COURT OF APPEALS and the PHILIPPINE GENERAL INSURANCE COMPANY, respondents.

RESOLUTION
FRANCISCO, R., J.:

This is a petition for review of a Decision rendered by the Court of Appeals, dated December 17, 1993,
affirming Branch 35 of the Regional Trial Court, Manila in holding that herein petitioner is liable to pay
herein private respondent the amount of P700,000.00, plus legal interest thereon, another sum of
P100,000.00 as attorney's fees and the cost of the suit.

The factual background of this case is as follows:

Pag-asa Sales, Inc. entered into a contract to transport molasses from the province of Negros to Manila
with Coastwise Lighterage Corporation (Coastwise for brevity), using the latter's dumb barges. The
barges were towed in tandem by the tugboat MT Marica, which is likewise owned by Coastwise.

Upon reaching Manila Bay, while approaching Pier 18, one of the barges, "Coastwise 9", struck an
unknown sunken object. The forward buoyancy compartment was damaged, and water gushed in
through a hole "two inches wide and twenty-two inches long"1 As a consequence, the molasses at the
cargo tanks were contaminated and rendered unfit for the use it was intended. This prompted the
consignee, Pag-asa Sales, Inc. to reject the shipment of molasses as a total loss. Thereafter, Pag-asa
Sales, Inc. filed a formal claim with the insurer of its lost cargo, herein private respondent, Philippine
General Insurance Company (PhilGen, for short) and against the carrier, herein petitioner, Coastwise
Lighterage. Coastwise Lighterage denied the claim and it was PhilGen which paid the consignee, Pag-
asa Sales, Inc., the amount of P700,000.00, representing the value of the damaged cargo of molasses.

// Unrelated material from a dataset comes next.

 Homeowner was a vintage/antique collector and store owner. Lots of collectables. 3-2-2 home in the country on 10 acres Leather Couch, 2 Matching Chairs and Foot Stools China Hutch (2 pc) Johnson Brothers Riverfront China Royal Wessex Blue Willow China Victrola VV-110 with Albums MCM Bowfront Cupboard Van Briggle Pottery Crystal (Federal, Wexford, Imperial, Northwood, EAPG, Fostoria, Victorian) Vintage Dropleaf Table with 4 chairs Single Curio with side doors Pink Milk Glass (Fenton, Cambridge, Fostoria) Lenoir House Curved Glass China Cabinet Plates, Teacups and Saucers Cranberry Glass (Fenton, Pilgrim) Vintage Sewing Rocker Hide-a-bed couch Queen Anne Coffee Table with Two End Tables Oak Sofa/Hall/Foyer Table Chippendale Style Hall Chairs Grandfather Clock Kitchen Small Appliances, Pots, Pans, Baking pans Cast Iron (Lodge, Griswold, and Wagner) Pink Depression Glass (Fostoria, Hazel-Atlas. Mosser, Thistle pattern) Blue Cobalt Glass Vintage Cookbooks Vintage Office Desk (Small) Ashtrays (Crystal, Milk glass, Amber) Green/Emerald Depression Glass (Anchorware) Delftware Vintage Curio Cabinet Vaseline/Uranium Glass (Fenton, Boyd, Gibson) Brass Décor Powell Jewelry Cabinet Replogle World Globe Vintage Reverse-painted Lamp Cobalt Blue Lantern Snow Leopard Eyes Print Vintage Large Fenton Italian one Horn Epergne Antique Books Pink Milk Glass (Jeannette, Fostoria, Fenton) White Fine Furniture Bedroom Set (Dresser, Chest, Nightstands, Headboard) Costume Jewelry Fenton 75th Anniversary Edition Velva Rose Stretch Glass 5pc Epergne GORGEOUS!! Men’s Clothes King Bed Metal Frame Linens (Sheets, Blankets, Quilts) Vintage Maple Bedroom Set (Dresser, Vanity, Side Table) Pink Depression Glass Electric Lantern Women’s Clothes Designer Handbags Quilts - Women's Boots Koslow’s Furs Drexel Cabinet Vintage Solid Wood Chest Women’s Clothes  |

In turn, PhilGen then filed an action against Coastwise Lighterage before the Regional Trial Court of
Manila, seeking to recover the amount of P700,000.00 which it paid to Pag-asa Sales, Inc. for the
latter's lost cargo. PhilGen now claims to be subrogated to all the contractual rights and claims which
the consignee may have against the carrier, which is presumed to have violated the contract of
carriage.

The RTC awarded the amount prayed for by PhilGen. On Coastwise Lighterage's appeal to the Court of
Appeals, the award was affirmed.

Hence, this petition.

There are two main issues to be resolved herein. First, whether or not petitioner Coastwise Lighterage
was transformed into a private carrier, by virtue of the contract of affreightment which it entered into
with the consignee, Pag-asa Sales, Inc. Corollarily, if it were in fact transformed into a private carrier,
did it exercise the ordinary diligence to which a private carrier is in turn bound? Second, whether or
not the insurer was subrogated into the rights of the consignee against the carrier, upon payment by
the insurer of the value of the consignee's goods lost while on board one of the carrier's vessels.

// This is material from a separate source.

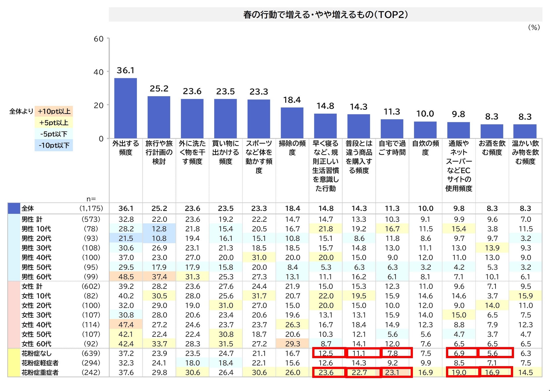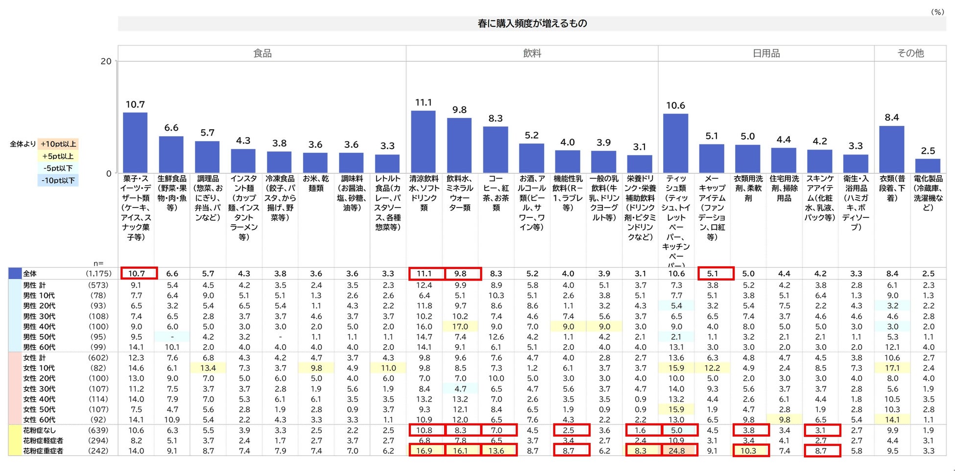 春に購入頻度が増加しているものを見ると、全体では「清涼飲料水、ソフトドリンク類」、「菓子・スイーツ・デザート類(ケーキ、アイス、スナック菓子等)」、「ティッシュ類(ティッシュ、トイレットペーパー、キッチンペーパー)」、「飲料水、ミネラルウォーター類」が飲料を中心として上位に上がりました。属性別に見ると「花粉症重症者」は「花粉症なし」と比較して「ティッシュ類(ティッシュ、トイレットペーパー、キッチンペーパー)」の選択率が4倍以上高く、「清涼飲料水、ソフトドリンク類」、 「飲料水、ミネラルウォーター類」、 「コーヒー、紅茶、お茶類」、「衣類用洗剤、柔軟剤」、「スキンケアアイテム(化粧水、乳液、パック等)」、「機能性乳飲料(R-1、ラブレ等)」、「栄養ドリンク・栄養補助飲料(ドリンク剤・ビタミンドリンクなど)」が5pt以上高くなりました。FMCG市場では上記のジャンルが花粉症の影響で購入頻度が増加傾向となっている可能性が推察されます。

On the first issue, petitioner contends that the RTC and the Court of Appeals erred in finding that it
was a common carrier. It stresses the fact that it contracted with Pag-asa Sales, Inc. to transport the
shipment of molasses from Negros Oriental to Manila and refers to this contract as a "charter
agreement". It then proceeds to cite the case of Home Insurance Company vs. American Steamship
Agencies, Inc.2 wherein this Court held: ". . . a common carrier undertaking to carry a special cargo or
chartered to a special person only becomes a private carrier."

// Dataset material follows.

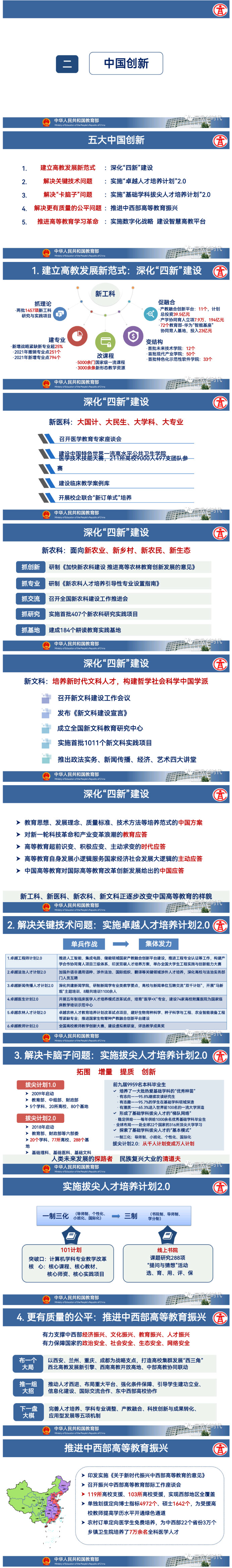 中国高等教育改革有很多创新发展的举措,其中有五大创新是非常重要的。一是高等教育发展范式的创新。我们推出了新工科、新医科、新农科、新文科建设;二是解决“卡脖子”的关键人才培养问题,就是关键技术人才培养的问题。我们实施了“卓越人才培养计划”2.0;三是要解决“卡脑子”的关键人才培养问题,就是科学原创人才培养的问题。我们实施了“基础学科拔尖人才培养计划”2.0;四是要解决更有质量的公平问题。推进中西部高等教育振兴,就是解决区域之间的协调发展;五是要推进高等教育学习革命。3月份教育部推出了国家高等教育智慧平台,实施高等教育数字化战略。

Petitioner's reliance on the aforementioned case is misplaced. In its entirety, the conclusions of the
court are as follows:

Accordingly, the charter party contract is one of affreightment over the whole vessel, rather than a
demise. As such, the liability of the shipowner for acts or negligence of its captain and crew, would
remain in the absence of stipulation.3

The distinction between the two kinds of charter parties (i.e. bareboat or demise and contract of
affreightment) is more clearly set out in the case of Puromines, Inc. vs. Court of Appeals,4 wherein we
ruled:

Under the demise or bareboat charter of the vessel, the charterer will generally be regarded as the
owner for the voyage or service stipulated. The charterer mans the vessel with his own people and
becomes the owner pro hac vice, subject to liability to others for damages caused by negligence. To
create a demise, the owner of a vessel must completely and exclusively relinquish possession,
command and navigation thereof to the charterer, anything short of such a complete transfer is a
contract of affreightment (time or voyage charter party) or not a charter party at all.

On the other hand a contract of affreightment is one in which the owner of the vessel leases part or all
of its space to haul goods for others. It is a contract for special service to be rendered by the owner of
the vessel and under such contract the general owner retains the possession, command and
navigation of the ship, the charterer or freighter merely having use of the space in the vessel in return
for his payment of the charter hire. . . . .

. . . . An owner who retains possession of the ship though the hold is the property of the charterer,
remains liable as carrier and must answer for any breach of duty as to the care, loading and unloading
of the cargo. . . .

Although a charter party may transform a common carrier into a private one, the same however is not
true in a contract of affreightment on account of the aforementioned distinctions between the two.

Petitioner admits that the contract it entered into with the consignee was one of affreightment.5 We
agree. Pag-asa Sales, Inc. only leased three of petitioner's vessels, in order to carry cargo from one
point to another, but the possession, command and navigation of the vessels remained with petitioner
Coastwise Lighterage.

Pursuant therefore to the ruling in the aforecited Puromines case, Coastwise Lighterage, by the
contract of affreightment, was not converted into a private carrier, but remained a common carrier
and was still liable as such.
The law and jurisprudence on common carriers both hold that the mere proof of delivery of goods in
good order to a carrier and the subsequent arrival of the same goods at the place of destination in bad
order makes for a prima facie case against the carrier.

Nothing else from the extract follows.